Apparently, an empty toilet paper roll resembles a T-bone steak based on how she prowls around it. I’m not sure what that says about my ankle. 

And there was that dangerous shallow box on the floor by the trash can. She leaped into the box, and it moved, so she kept batting it and biting the edge. Better that box than my head, I thought, so I settled in to watch. After the batting and biting stopped, she laid down in the box and started purring. Is that box prey or a bed? I’m trying to learn.

Panda can spring onto our bed with a single bound, which must be necessary for a professional hunter. I want to understand why hunters need to hurdle onto a bed, but, for now, I’m staying with the mountain-climber explanation: because it is there.

From calm to this… in an instant. Look out, earlobes! There may be tooth marks there soon.

She kinda miscalculated one of her bed leaps, though, running into the side of the mattress and ricocheting back to the floor. She got up and looked as nonchalant as I did that time I nearly fell on the ice. Nobody was looking, right?
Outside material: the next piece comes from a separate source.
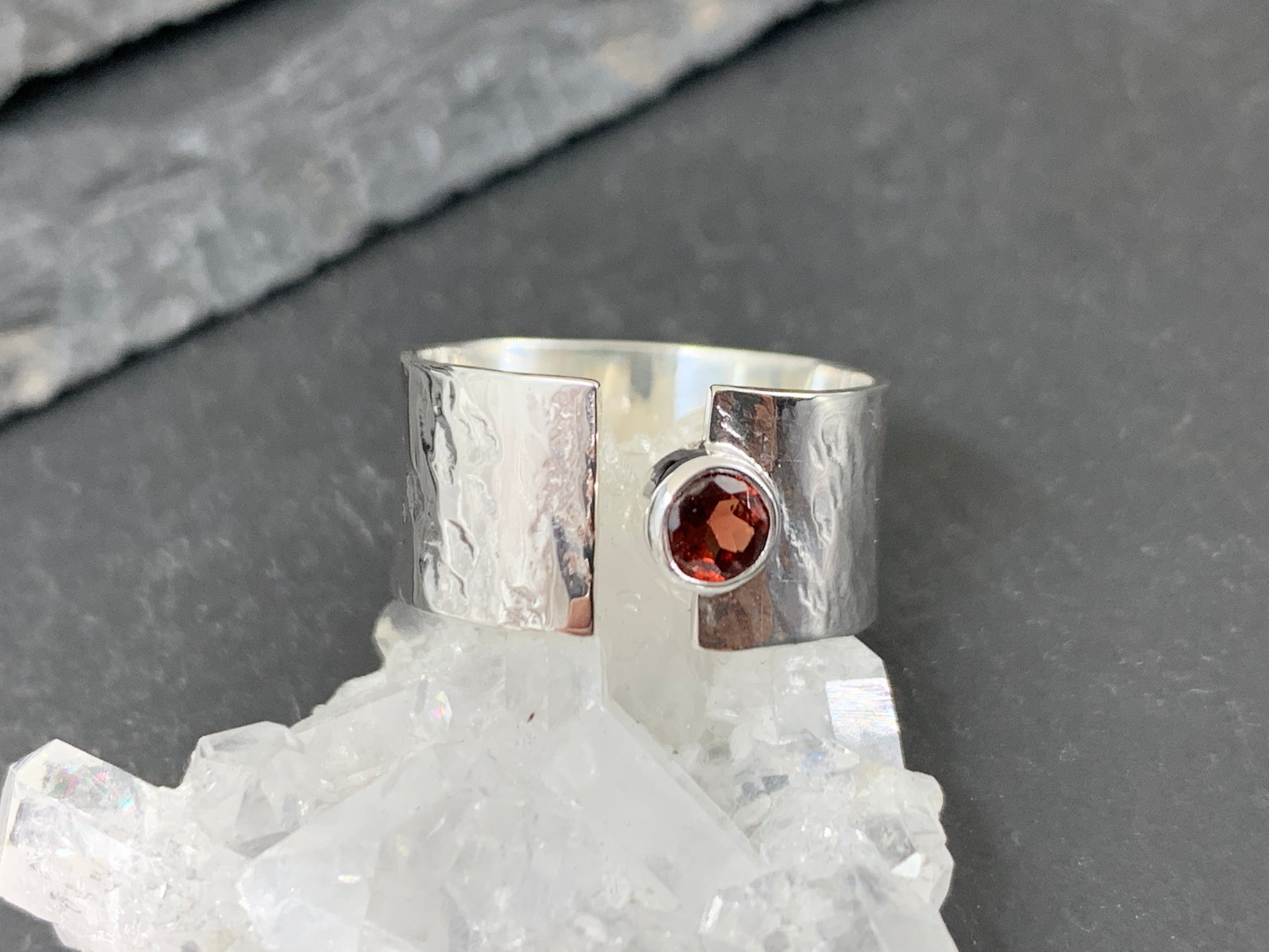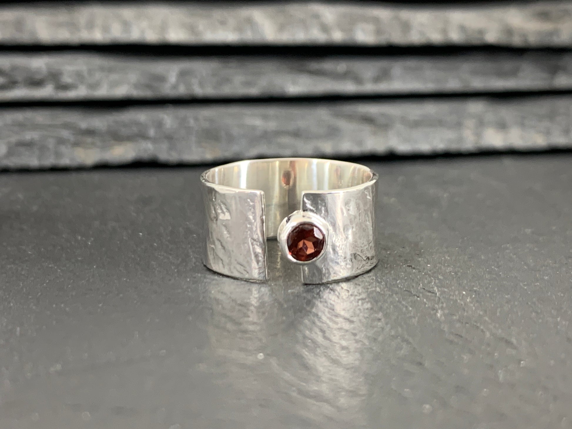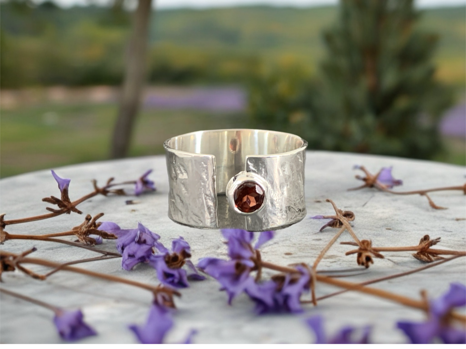 Sterling Silver Garnet Ring - Wide Band Statement Ring - size 7.25US

I’ve made the mistake of wearing shorts in my own home, which means my legs now have micro-slashes thanks to our tiger who knows the best way to the top of my head is up my leg, whether I’m wearing jeans or not.

Friends want to stroke her head. “Ah, isn’t she sweet?” they coo.

Well, not always. They’ve left our house with apologies and a fingertip missing. It’s tough to pet a hunter.

We named her Panda but, watching her in action the last few weeks, I’m wondering if she’d be better off named Panther.